Last week, I skipped through our foyer not really noticing anyone in particular, when I heard a voice saying ‘Charlie Gunningham!’ I looked up and there was someone I’d not seen in 16 or 17 years (we figured it was the year 2000 or 2001). ‘Are you here now?‘ he asked. ‘Yes, I’m the CEO! Where are you now?‘. And so on. He hardly looked any different, and he said the same of me (obviously, our eyes were worse for wear).
This seems to happen to me all the time, almost everywhere I walk around this fair city. While it could be that everyone is linked by 6 degrees of separation, in Perth I reckon it could be 2.
Try this at your next business networking event. Go up to someone you do not know, and introduce yourself, asking them why they’re there. Once you start chatting, you will probably find that, unless they are totally new to Perth, you have a common acquaintance. It’s something I like about this place. While the population may have ticked over 2 million, it still has a ‘smallness’ about it. Almost everyone seems close.
Another important element to this is you simply cannot afford to burn any bridges. Ever.
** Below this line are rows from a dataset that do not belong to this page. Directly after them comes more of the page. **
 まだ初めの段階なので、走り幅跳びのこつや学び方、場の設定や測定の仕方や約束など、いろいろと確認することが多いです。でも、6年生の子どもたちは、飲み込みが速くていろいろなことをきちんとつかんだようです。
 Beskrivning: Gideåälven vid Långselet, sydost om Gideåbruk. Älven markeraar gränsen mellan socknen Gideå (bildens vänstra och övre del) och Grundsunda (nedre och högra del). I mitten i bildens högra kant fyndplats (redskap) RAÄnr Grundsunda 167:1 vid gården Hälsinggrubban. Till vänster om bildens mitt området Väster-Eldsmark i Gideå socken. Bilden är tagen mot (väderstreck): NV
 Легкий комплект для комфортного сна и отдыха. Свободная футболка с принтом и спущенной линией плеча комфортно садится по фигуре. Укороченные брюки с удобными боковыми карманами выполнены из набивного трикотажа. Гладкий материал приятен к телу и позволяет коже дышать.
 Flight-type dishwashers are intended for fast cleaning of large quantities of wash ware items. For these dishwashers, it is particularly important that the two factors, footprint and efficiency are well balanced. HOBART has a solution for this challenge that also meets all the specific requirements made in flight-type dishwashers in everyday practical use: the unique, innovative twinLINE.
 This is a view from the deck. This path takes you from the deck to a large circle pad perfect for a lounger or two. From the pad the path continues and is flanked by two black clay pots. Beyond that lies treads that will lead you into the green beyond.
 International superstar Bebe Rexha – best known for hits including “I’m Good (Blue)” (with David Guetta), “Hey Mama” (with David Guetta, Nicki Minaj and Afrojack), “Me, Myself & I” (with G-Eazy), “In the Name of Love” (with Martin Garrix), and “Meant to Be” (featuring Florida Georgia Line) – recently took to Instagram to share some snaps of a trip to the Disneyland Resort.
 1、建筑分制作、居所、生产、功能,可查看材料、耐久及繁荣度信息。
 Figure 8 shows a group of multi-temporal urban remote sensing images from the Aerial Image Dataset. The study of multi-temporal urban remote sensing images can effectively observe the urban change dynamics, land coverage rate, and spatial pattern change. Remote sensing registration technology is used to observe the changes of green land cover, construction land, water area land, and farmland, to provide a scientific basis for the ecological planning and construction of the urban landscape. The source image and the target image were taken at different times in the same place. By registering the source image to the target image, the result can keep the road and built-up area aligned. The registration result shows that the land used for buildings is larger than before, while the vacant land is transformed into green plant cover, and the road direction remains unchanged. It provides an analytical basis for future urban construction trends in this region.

There’s no point (even if you never see them again) getting in a strop, or being rude, or getting flustered, with anyone, at anytime, no matter how unreasonable they are.
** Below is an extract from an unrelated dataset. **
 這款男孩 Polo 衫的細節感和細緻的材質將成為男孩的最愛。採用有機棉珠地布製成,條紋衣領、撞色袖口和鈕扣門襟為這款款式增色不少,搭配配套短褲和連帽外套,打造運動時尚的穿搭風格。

I’ve had people be extremely rude to me over the years, and have been subject to things in business that I would not wish on anyone, but it’s always better to raise your chin, let it run off you like water off a duck’s back. In the main, people are good, not greedy. People want to do the right thing. But there are exceptions. And I find it odd that they do not have the emotional intelligence or self awareness to understand what they are doing, and what others think of them.
Someone I’ve known for years thinks he’s God’s gift to business, and he’s had some success (to which he should be justifiably proud), yet the way he acts puts people off, even those who know him well. His reputation is poor, and people tend to steer clear, or do that eye roll thing when his name is mentioned. People who do not know I know him, tell me things about him. He has no idea people think of him this way.
Reputations are made very slowly, and can be ruined quickly.
Those that seek to take short cuts to grab a goal themselves will never get the long term prize. In Perth, or anywhere, it’s simply not worth behaving badly. Everyone knows someone who knows you. It’s 2 degrees. Tred carefully, do the right thing and more good things will be returned to you.
That guy I bumped into in the foyer? As it happens he was there to listen to a proposal from our sales team. How I behaved 16 or 17 years ago with him may just help get a deal over the line this month. What goes around, comes around.